The load cover factor (${\gamma }_{load}$, Equation (1)) is defined as the percentage of the electrical demand covered by on-site electricity generation. In periods with no on-site generation the load cover factor value is zero, while the highest values are reached when there is a coincidence between the profile shape of electricity load and self-generation [28,29]. On the other hand, the supply cover factor (${\gamma }_{supply}$, Equation (2)) is defined as the percentage of the on-site generation that is used by the building [28,29]. It is the complementary index of the load cover factor. These two KPIs are widely used in literature [44,55,56]. They are used to study different types of energy systems both at the single-building level and at the neighborhood level. For example, Salom et al. [28] use these KPIs to study zero energy residential buildings equipped with PV systems, while Tumminia et al. [44] analyzed an nZEB case study equipped with a grid-connected PV system, energy storage system and a programmable fuel cell. On the other hand, Baetens et al. [56] investigated the load match of a residential zero-energy neighborhood equipped with building integrated photovoltaic system. Moreover, they are mostly suited to evaluate control strategies aimed at decreasing grid dependence [43]. However, they have the disadvantage of to giving no direct information on net energy, consumption or supply, no information on peaks in power exchange and no information on connection capacity usage.

The loss of load probability ($LOL{P}_b$, Equation (3)) is defined as the time share during which the local generation does not cover the building demand [28,29], and thus how often energy must be supplied by the grid. It is useful in order to evaluate different load control strategies in a building and when the aim is increasing the suitability of a distributed generation system for covering the local load profile decreasing the need to consume power from the grid. It can be achieved by controlling demand with or without the inclusion of a storage system or adjusting the local generation, for instance, by changing the orientation of PV panels, increasing generation during morning and evening peaks in power demand. As with the previous two KPIs, it has the disadvantage of showing no indication on net energy, consumption or generation, no information on peaks in power exchange or on use of capacity connection. Therefore, referring at the loss of load probability, a generation system could be oversized leading to higher peaks in supply [57]. The energy autonomy KPI ($A_b$, Equation (6)) is the complementary index of the $LOL{P}_b$ index. It is defined as the fraction of the time when 100% of the load can be matched by on-site electricity generation.

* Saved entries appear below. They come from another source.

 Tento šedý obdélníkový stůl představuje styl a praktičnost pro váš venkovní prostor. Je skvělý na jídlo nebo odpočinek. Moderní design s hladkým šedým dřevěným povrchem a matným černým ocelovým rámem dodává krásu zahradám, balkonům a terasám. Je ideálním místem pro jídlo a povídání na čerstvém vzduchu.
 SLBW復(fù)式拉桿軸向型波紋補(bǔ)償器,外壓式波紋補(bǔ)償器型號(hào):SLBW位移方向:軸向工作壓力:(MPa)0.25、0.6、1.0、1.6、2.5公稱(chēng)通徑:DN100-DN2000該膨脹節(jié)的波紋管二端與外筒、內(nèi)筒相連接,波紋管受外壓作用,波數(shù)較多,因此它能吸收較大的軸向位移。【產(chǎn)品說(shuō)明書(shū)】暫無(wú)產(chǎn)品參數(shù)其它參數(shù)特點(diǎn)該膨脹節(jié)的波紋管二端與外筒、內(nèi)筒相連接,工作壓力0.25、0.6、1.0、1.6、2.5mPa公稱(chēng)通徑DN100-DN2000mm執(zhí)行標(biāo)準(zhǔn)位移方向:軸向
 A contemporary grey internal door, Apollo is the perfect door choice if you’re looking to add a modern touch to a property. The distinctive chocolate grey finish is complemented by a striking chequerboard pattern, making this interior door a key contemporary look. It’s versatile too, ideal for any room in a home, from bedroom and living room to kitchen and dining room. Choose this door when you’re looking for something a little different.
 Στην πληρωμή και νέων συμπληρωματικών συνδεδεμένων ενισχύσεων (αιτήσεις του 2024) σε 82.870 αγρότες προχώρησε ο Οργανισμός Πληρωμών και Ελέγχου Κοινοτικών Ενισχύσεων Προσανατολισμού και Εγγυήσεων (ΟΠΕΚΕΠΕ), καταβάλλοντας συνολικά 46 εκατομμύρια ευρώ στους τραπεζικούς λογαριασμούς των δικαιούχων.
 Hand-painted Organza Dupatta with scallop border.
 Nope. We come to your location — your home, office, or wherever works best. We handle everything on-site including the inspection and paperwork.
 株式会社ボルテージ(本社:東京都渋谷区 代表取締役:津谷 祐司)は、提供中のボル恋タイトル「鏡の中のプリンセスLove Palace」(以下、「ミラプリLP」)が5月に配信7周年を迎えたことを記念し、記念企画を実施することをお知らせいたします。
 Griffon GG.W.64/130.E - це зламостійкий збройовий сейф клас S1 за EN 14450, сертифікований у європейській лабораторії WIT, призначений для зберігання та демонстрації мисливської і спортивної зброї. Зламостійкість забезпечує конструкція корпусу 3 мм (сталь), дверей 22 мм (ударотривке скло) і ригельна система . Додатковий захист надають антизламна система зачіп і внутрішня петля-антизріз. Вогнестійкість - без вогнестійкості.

The $LOL{P}_b$ and $A_b$, indexes are a function of the time resolution used in the calculations. The time resolution based on the net exported to the grid is affected by the energy balance of the building. Due to the complexity of knowing in real time the changes in this balance, the $LOL{P}_b$ and $A_b$, indexes could be an underestimated / overestimated in flexibility quantifications [44].

The mismatch compensation factor ($MCF$, Equation (7)), defined as capacity of the local energy generation system for which the annual net exported energy is equal to zero divided by the capacity of the same system for which the economic value of annual import and export of electricity is the same [58], allows accounting for the benefits, in terms of cost savings, due to the use of different control strategies. Moreover, it could be useful to calculate how much to increase the production unit, aiming to compensate for the influence of the mismatch on the electricity supply system outside the building. If the system that compensates for the mismatch is smaller than the system that gives a net zero energy balance, generated electricity is, on average, worth more than demanded electricity so the $MCF$ value is >1. As an example, if $MCF$ is 1.2, it means that the mismatch has a negative influence on the system and has to be compensated, i.e., by increasing the capacity of the PV installation by 20%.

For the deployment of RESs, which fluctuates on the time scale of minutes/hours, it is crucial to define flexibility indicators based on these time intervals. The mismatch compensation factor, defined on yearly base, is not useful from this point of view.

Finally, the on-site energy ratio ($OER$, Equation (8)) is defined as the ratio between energy supply from local renewable sources and energy demand [59]. This KPI, rather than considering only the generation of more exported energy versus its importation to the grid or individual buildings, emphasis shifting to the maximization of energy performance in a system-based approach. If $OER$ has a value of 1 it means that, considering a net annual balance, the energy demand is completely covered by RES supply. A value higher than 1 implies that the annual energy demand is lower than the annual energy supply from local renewable energy sources. OER does not take into account the different energy types separately. It expresses the condition for which demand is covered by on-site production without accounting for the energy mismatch for each energy type.

2.2. Grid Interaction Indicators

Grid interaction indicators are used to measure how a building utilizes the grid connection [54]. As the load match indicators, these indicators are widely used in literature. However, in contrast to LM indicators that give an indication of the total amount of the exchanged energy with the grid, the GI indicators include also information about the quality of the energy exchange between the building and the grid [60]. Grid refers both to the physical utilization of the infrastructure and to the upstream energy system and market [61].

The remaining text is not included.